Definitely a worthy read and a splendid time for all that pick it up.
Books with an unreliable narrator often provide the most thought provoking and engrossing experiences for readers. We must sift through the story trying to ascertain how events probably really unfolded.
The Goldfinch mixes the post-traumatic stress of a horrible event for a young boy and how it affects him through out his entire life. This is married with a painting he carries around with him for life - sometimes physically but always mentally. It is his anchor and without it he probably would have successfully committed suicide. The Goldfinch painting is also a device that allows for dissertations on art, our perception of it, art's ability to endure, and our fleeting participation in it's endurance as we fade away and someone else steps in to take our place.

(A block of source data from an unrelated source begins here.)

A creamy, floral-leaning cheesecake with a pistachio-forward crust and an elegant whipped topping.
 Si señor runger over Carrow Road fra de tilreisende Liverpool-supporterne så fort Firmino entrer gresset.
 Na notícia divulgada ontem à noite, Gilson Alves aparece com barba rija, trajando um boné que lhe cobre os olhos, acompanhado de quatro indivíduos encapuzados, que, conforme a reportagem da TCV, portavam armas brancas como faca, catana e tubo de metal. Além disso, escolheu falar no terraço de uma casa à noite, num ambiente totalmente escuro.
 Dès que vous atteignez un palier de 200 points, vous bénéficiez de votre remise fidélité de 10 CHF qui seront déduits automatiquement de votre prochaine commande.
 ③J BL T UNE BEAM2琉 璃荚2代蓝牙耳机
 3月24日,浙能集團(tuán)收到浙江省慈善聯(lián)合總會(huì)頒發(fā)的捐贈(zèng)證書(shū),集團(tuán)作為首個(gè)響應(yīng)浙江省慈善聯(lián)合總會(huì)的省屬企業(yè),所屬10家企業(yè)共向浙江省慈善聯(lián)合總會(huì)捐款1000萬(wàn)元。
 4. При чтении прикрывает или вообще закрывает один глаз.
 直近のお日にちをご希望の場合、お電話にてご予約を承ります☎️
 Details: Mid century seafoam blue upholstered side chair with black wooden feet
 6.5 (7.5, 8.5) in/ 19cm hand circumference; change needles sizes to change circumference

These dissertations are the book's greatest strengths and it's biggest weakness. Individually they are engrossing. Collectively they eventually bog the book down to the point where this reader felt like he was wading through the last 100 or so pages knowing what was going to happen and waiting for the writer to catch up.
The book's other strength is it's characters - especially Hobie and Boris. Setting wise the book is strong too but some trimming here could have been done as well. Especially in the areas of Hobie's furniture restoration processes.
I'm glad I read the book but this one could have used some serious trimming. Cut it down by 100 pages and it would have been brilliant. Instead, because of it's flabbiness it overstays itself and recedes to become good.
The one core element that really stood out for me was the cruel maxim that we very often become the very thing we despise. That is not fiction but a sad fact.